What the task asks: Beginning at the top of the data below, restate every line word for word until the line containing "На однотонном поле при наблюдении" has been included, and omit the pictures.

Information supplied:
____
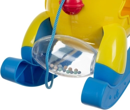 Mezi předními nohami koníka je uvnitř otočné chrastítko s korálky. Pohyblivý ocásek je zábavné místo, kde na něj batole stačí lehce zatlačit a uslyší zajímavý zvuk padajících korálků.
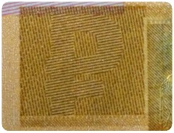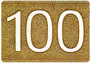 На однотонном поле при наблюдении под острым углом к поверхности банкноты появляется число «100», каждая цифра которого имеет свою окраску. При повороте банкноты на 180º (без изменения угла зрения) окраска каждой цифры меняется.
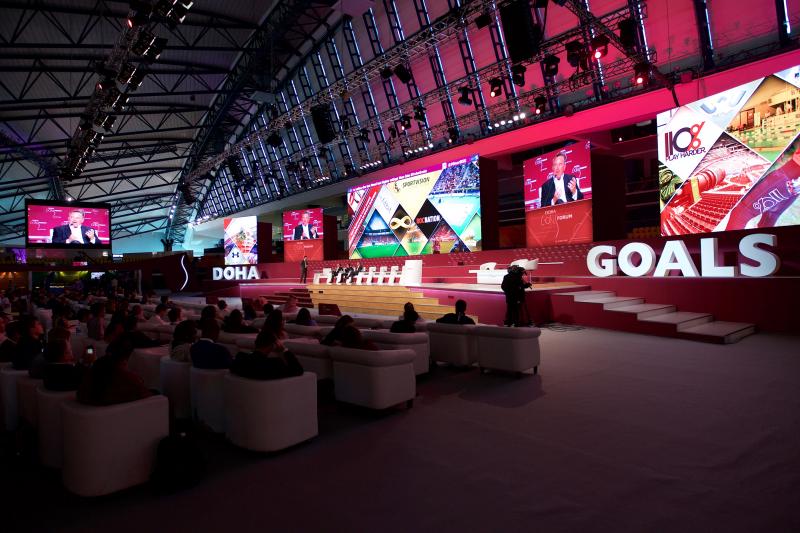 Nos étudiants en compagnie d’autres étudiants pr réfléchir autour du sujet « Le développement par le sport »#DohaGoals pic.twitter.com/FVGOEfllw6
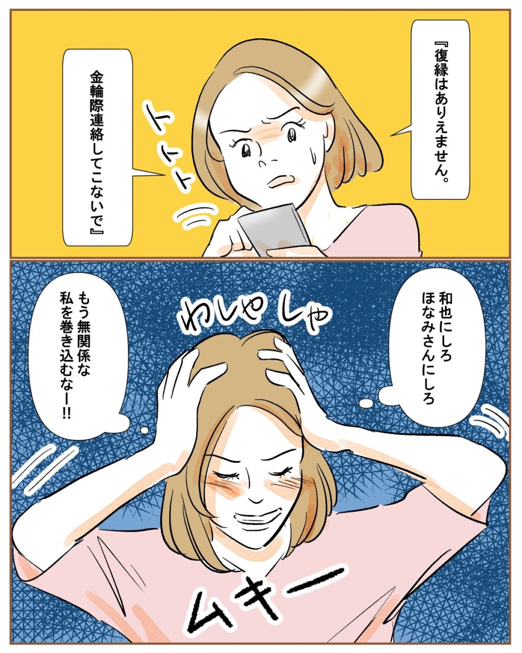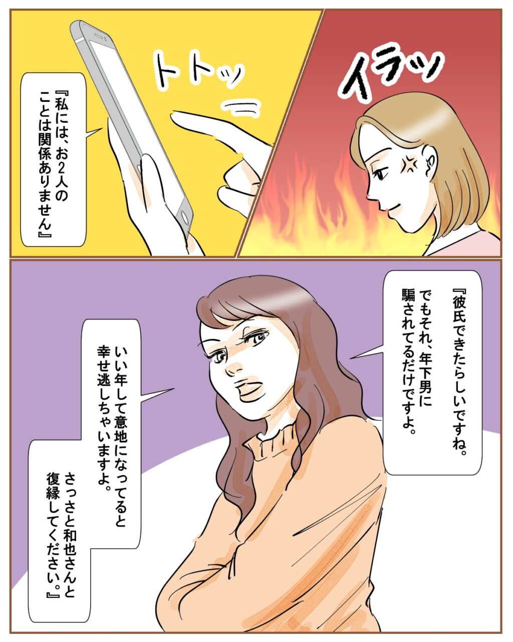 和也もほなみさんも本当に自分勝手!二人のいざこざに私を巻き込まないで欲しいです。だんだん腹が立ってきた私は「私にはお2人のことは関係ありません」と返すと、今度は「彼氏できたらしいですね。でもそれ、年下男に騙されてるだけですよ。いい年して意地になってると幸せ逃しちゃいますよ。さっさと和也さんと復縁してください」と失礼な言葉とともに和也を私に押し付けようとしてくるほなみさん。
____
Exercise result:
 Mezi předními nohami koníka je uvnitř otočné chrastítko s korálky. Pohyblivý ocásek je zábavné místo, kde na něj batole stačí lehce zatlačit a uslyší zajímavý zvuk padajících korálků.
 На однотонном поле при наблюдении под острым углом к поверхности банкноты появляется число «100», каждая цифра которого имеет свою окраску. При повороте банкноты на 180º (без изменения угла зрения) окраска каждой цифры меняется.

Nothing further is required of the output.